Just days after the cable cars finally started operating again, MTA officials released an estimate that the system would need a $625 million overhaul.

The fine print

In November 1971, voters in San Francisco approved Proposition Q, freezing cable car routes and the level of schedule and service then in effect. But what constitutes this level of planning and service is unclear.

Rick Laubscher, director of the Market Street Railway, a nonprofit that promotes Muni’s vintage vehicles, said his group supports meeting charter requirements. He is also trying to get his hands on a copy of the cable car timetable from July 1, 1971 to see what the level of timetable and service should be by law.

See also

“It’s a matter that needs to be decided, and I don’t know what the process is for that,” Laubscher said.

A 2007 report by the non-profit organization San Francisco Beautiful detailing ways to improve cable car service states that the service in 1971 ran in less than six minutes, meaning the time interval between vehicles on a given route would be six minutes.

“It’s an eight-minute lead now, so that’s different,” Laubscher said.

The Powell-Hyde and Powell-Mason lines currently operate from 7:00 a.m. to 11:00 p.m. daily, and the California line operates from 7:30 a.m. to 9:00 p.m.

Laubscher said his organization is working with the SFMTA to comply with the charter while making service improvements, like making the California line appealing to locals, to generate more revenue.
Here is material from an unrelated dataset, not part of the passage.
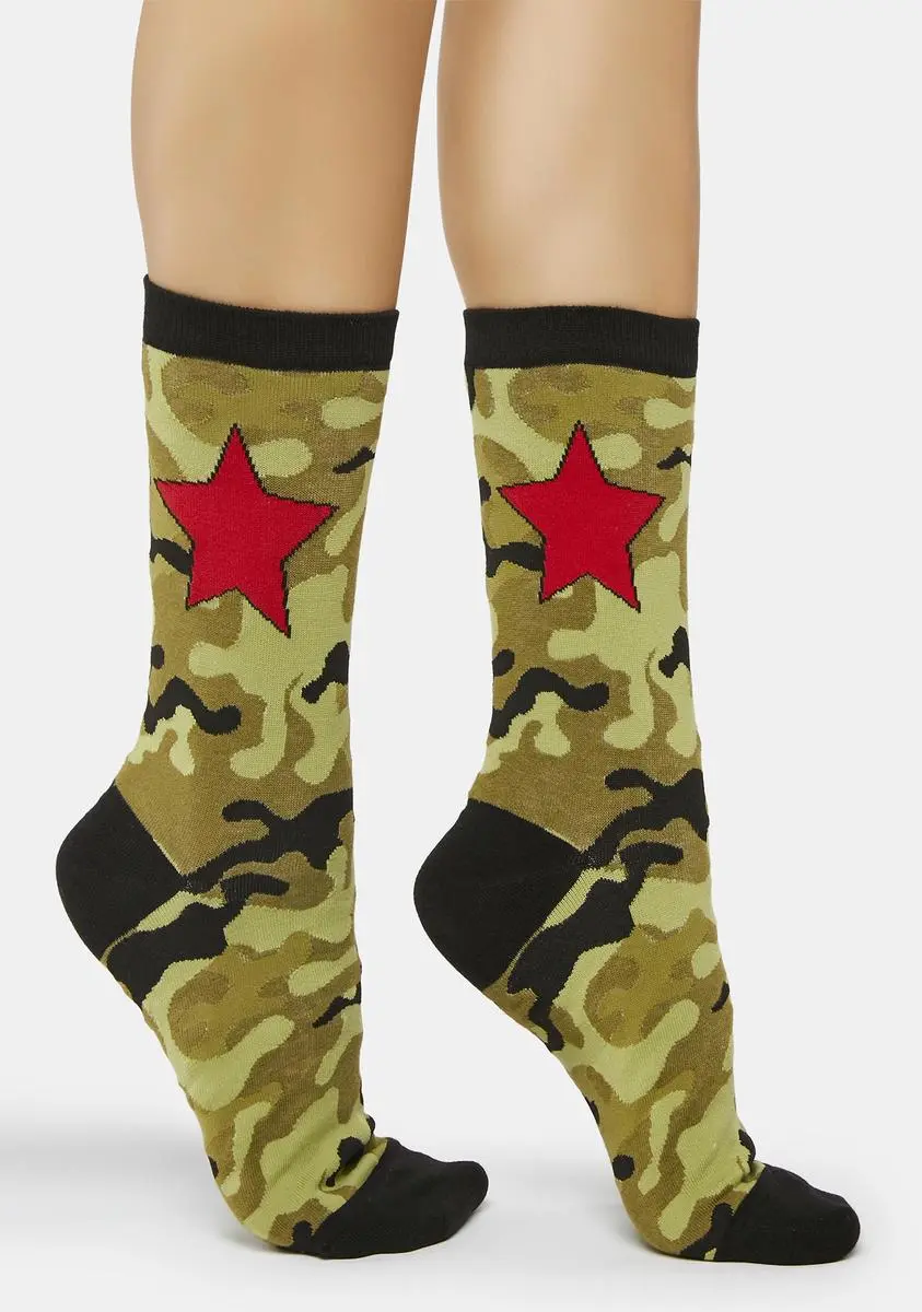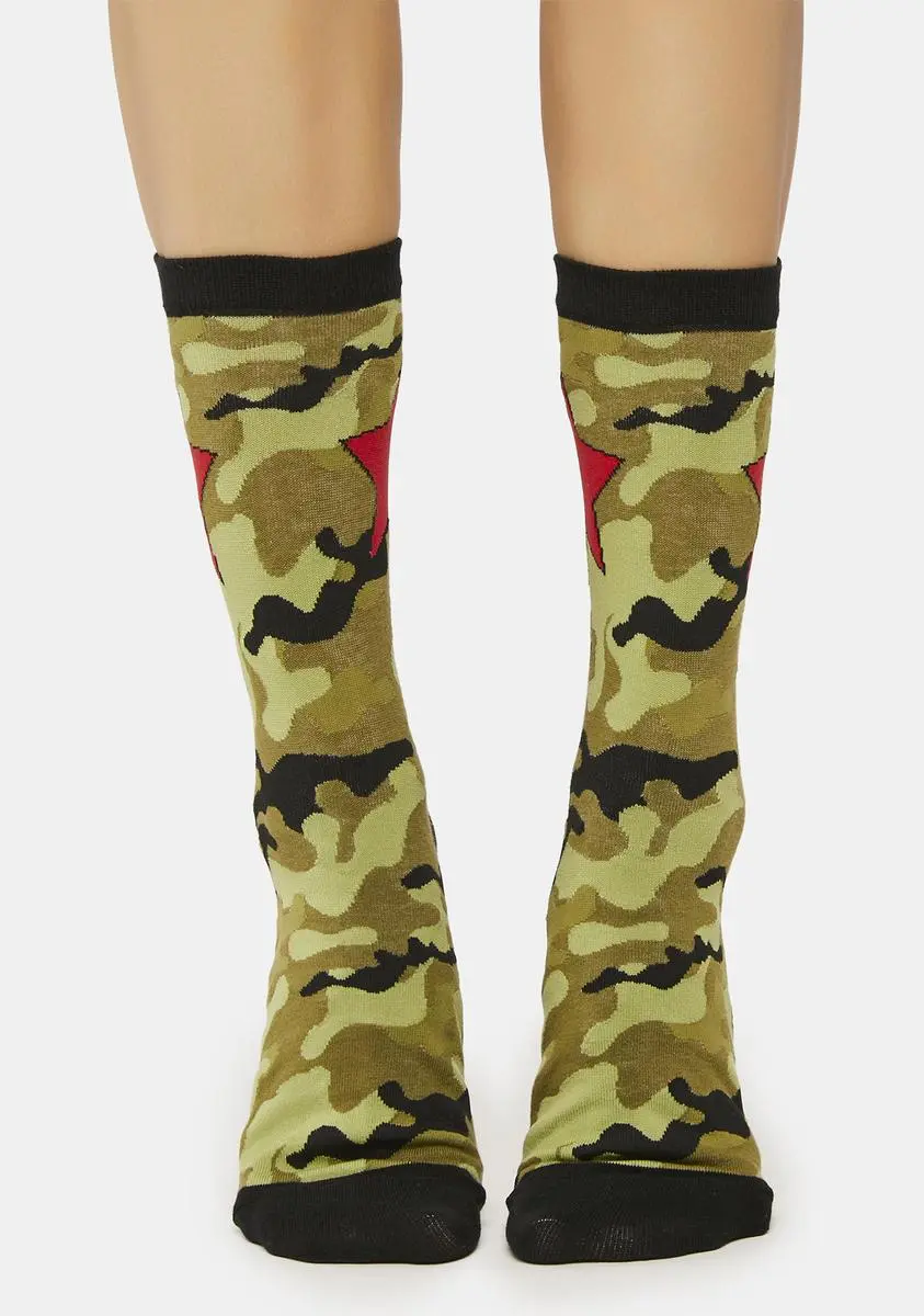 cuz you’ve got a bad feeling about this. These crew socks have an all over camo pattern, a contrast colored trim, and red star detailing.

Darcy Brown runs San Francisco Beautiful, which was founded by Friedel Klussmann, the very organizer behind the 1971 ballot initiative to preserve cable cars.

“Cable cars are our #1 tourist attraction in San Francisco,” Brown said. “They should be a huge priority. They are tasked with bringing in a huge amount of money at a time when the city needs it most.

Tourism is the city’s largest industry. Before the pandemic, it supported more than 85,000 jobs and generated more than $750 million in tax revenue for the city.

“When the city is in such bad shape, we have to prioritize the things that work – and the cable cars are one of the things that work for us to attract tourists and get good public relations for the city,” said Brown.